Is there strictly speaking a reason for a low-battery Baymax to act drunk? Nope. But it was funny! Several things in the movie have that particular justification, and I’m okay with that. Interrupting the training montage for getting gummi bears from a vending machine? Random and funny! Baymax’s failed fist bump? Funny! Indeed, the very fact that Baymax is trying to help take down a villain while moving, as the planners apparently designed him to, like a toddler in a full diaper is funny.
All of which helps tone down the mood from what could be a fairly grim treatise on the subject of vengeance. But the movie leaves room for what Baymax refers to as Hiro’s adolescent mood swings even though plenty of people would think there’s no room in grief for the joy Hiro feels on his first flight with Baymax. And that is perhaps the hardest part of grief—discovering that there’s room in it for joy. The first time can feel like a betrayal, and it’s no surprise that it’s where the cracks in Hiro’s desire to get even come in.
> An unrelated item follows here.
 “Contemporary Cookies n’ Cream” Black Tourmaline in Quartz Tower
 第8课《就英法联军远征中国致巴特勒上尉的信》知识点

It’s also a stylish as hell movie. The premise of the city is that the Japanese helped rebuild San Francisco after the 1906 earthquake, leading to a style that is both Japanese and American. The characters all have their own unique style—and sense of movement; one of the early steps in creating the character design was doing basic animation wherein the characters came into a room and sat down, to examine how each of them would do it differently.
The one thing I have to say about Fred, who I’ve never much liked, is that he’s a good insight into the fact that everyone thinks they’re the hero of the story. I sympathize with Wasabi’s desire to laser hand him in the face, but I also sympathize with Fred’s desire to have a theme song. To Fred, he’s the team leader, simply because it doesn’t occur to him that he might not be. After all, Fred’s read enough comic books to know about the billionaire superhero!
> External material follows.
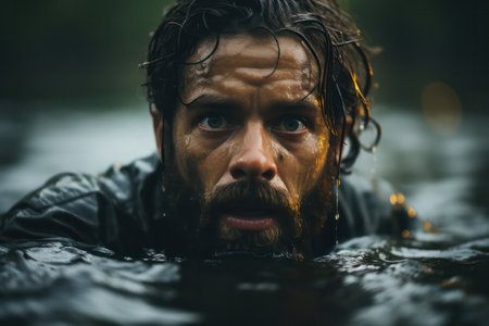 A man is in the water, looking at the camera. He is wearing a black shirt and he is in a state of shock
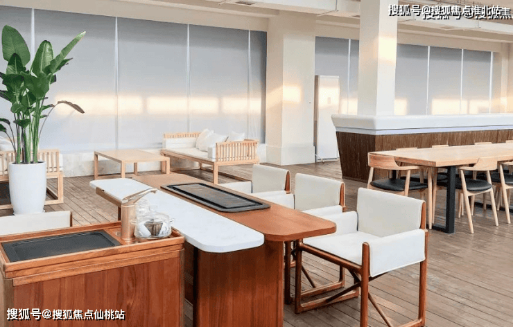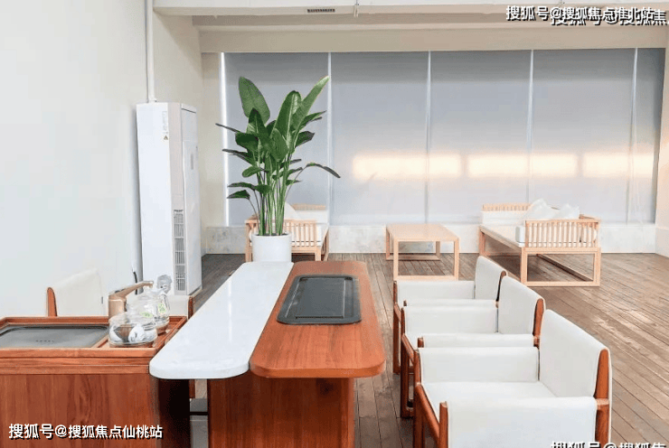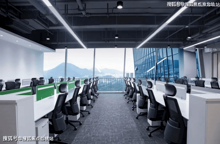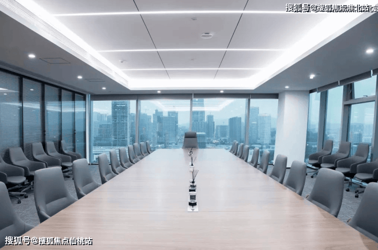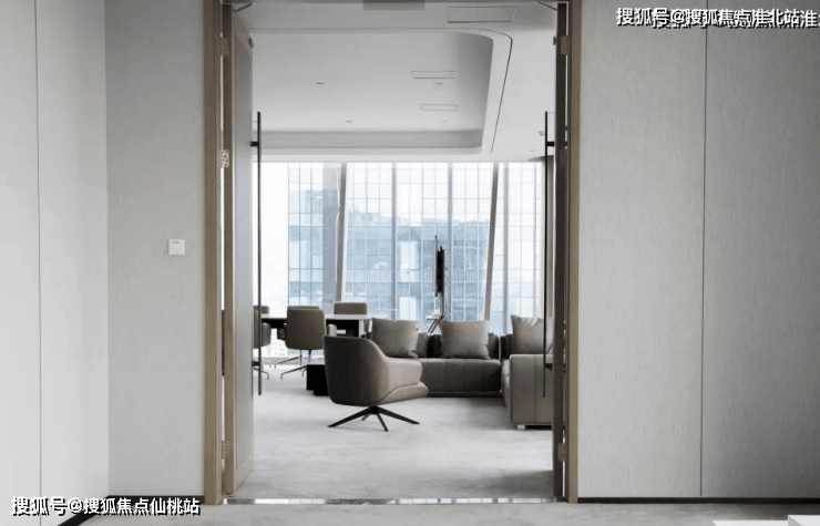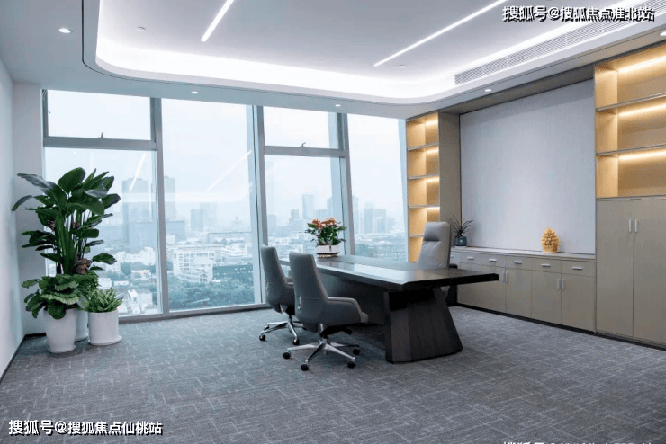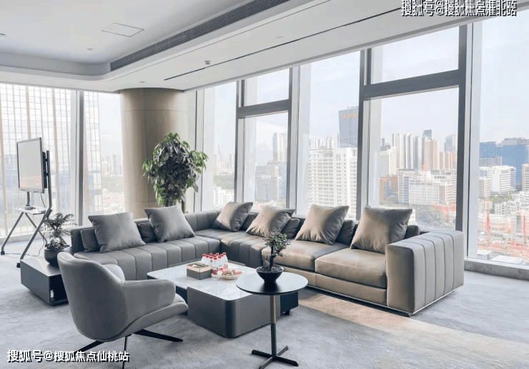 会客区以中性色为基础,搭配深色木质家具配件,四周全景落地窗照亮整体会客区,地毯的选择让整个区域整洁感升级,整体环境明亮、大气。

Actually, I haven’t read this comic. My understanding is that a couple of the regular characters from it couldn’t be in the movie because they were owned by Fox, still at the time a separate studio. Because they are also connected to the X-Men. This was the first movie since the beginning of the end of the Marvel Diaspora to win an Oscar, to my knowledge the second Marvel-based movie ever to win one. Until this year, that was where the record stood—Black Panther was the first MCU movie to actually win any Oscars in any category, as this is not an MCU movie.
Yeah, I admit it. I likely think as much as I do of this movie because it’s at the intersection of superheroes and Disney, and that’s an intersection I’m happy to live at. But I do think the movie is worth enjoying on its own merits. Even if you like any of the others of that year better.